Ей захотелось поцеловать дядю, но она лишь одарила его улыбкой, подобрала свой алый шлейф и протянула ему руку, чтобы он помог ей спуститься с крыльца.


Гул восхищения прокатился под сводом часовни, когда появилась Мари — ослепительная, в красном ореоле. Она медленно шла под руку с Эдвардом под звуки свадебного марша.

Вся тревога Лукаса вмиг улетучилась. Встретив взгляд своей суженой, он прочитал в нем о силе ее любви, нерушимости клятвы, которую она произнесет вместе с ним. Он сказал себе, что эти мгновения навсегда отпечатаются в их душах, и страстно возжелал, чтобы они длились как можно дольше.

Он горько пожалел об этой мысли, когда после произнесения им торжественного согласия священник повернулся к Мари, задавая ей тот же самый священный вопрос. Он увидел, как раскрылись ее красивые губы, но она не успела произнести желаемого слова, так как непонятный шум у входа в часовню заставил ее посмотреть в ту сторону…

На фоне хлынувшего в распахнувшуюся дверь потока солнечных лучей вырисовывался силуэт мужчины. Мари сразу узнала его и поняла, что сейчас может произойти непоправимое, потому что саму ее мгновенно захватила волна волнующих образов. Кристиан… Их первый поцелуй в слепящем утреннем свете… Предложение вступить в брак, сделанное в аббатстве Лендсена… Потом ярость от ее обмана… Его удары и ругательства, когда он орал, что она будет его женой, хочется ей того или нет!

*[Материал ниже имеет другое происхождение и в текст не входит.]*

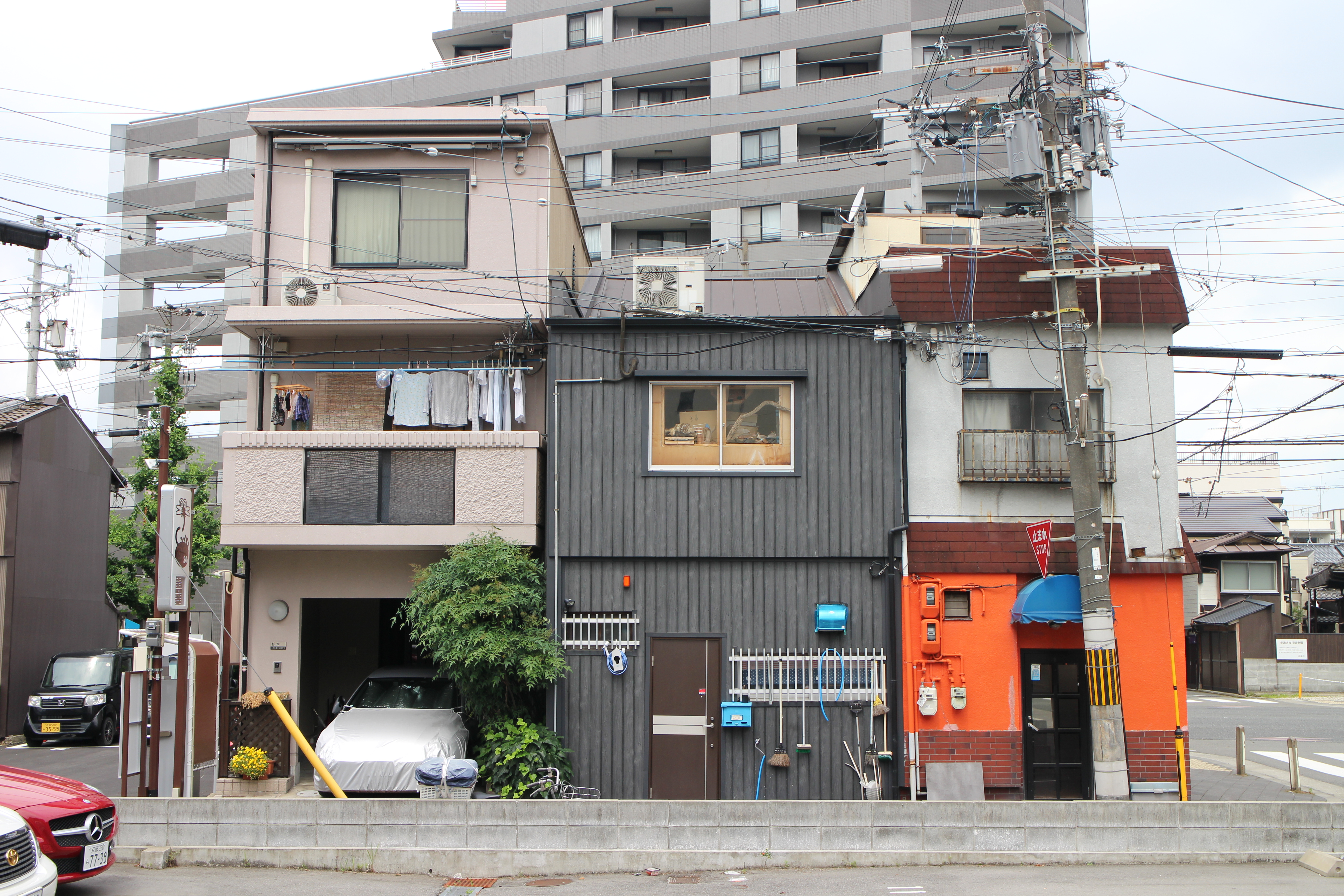 Till vänster en smal villa i tre våningar, där garaget är så kort att bilen måste ha förkläde. Till höger Ichihimes bakdörr, som bara knappt går att öppna bakom elstolpen som fyller luften med kablar.

— Нет! — завопил он от входа в часовню.

Этот хриплый крик будто вырвался из его нутра, оглушил и заставил пораженных гостей повернуть головы.

И прежде чем кто-либо успел среагировать, Кристиан Бреа — шкипер и бывший жених Мари — заговорил со всей силой своей любви, убеждая ее отказаться от брака с Лукасом Ферсеном:

— Ты не можешь позабыть обо всех клятвах, которые мы давали друг другу, ты не можешь отдать ему то, что обещала мне! Вспомни о наших детских мечтах, Мари! Вспомни о наших телах, которым была нестерпима разлука! Я люблю тебя, как не способен любить ни один мужчина на Земле, я дам тебе все, что способен дать человек, до самой смерти я буду заботиться о тебе, ловить малейшее твое дыхание, ты будешь моим светочем, моей надеждой! Мари, умоляю, не бросай меня, ты не можешь выйти замуж за этого мужчину, которого ты совсем не знаешь! Мари!

Слезы текли по щекам молодой женщины. Кристиан пробудил в ней эмоции, которые много значили в ее жизни. Но последняя фраза, касающаяся Лукаса, заставила ее вздрогнуть: она была из записки, найденной в букете невесты.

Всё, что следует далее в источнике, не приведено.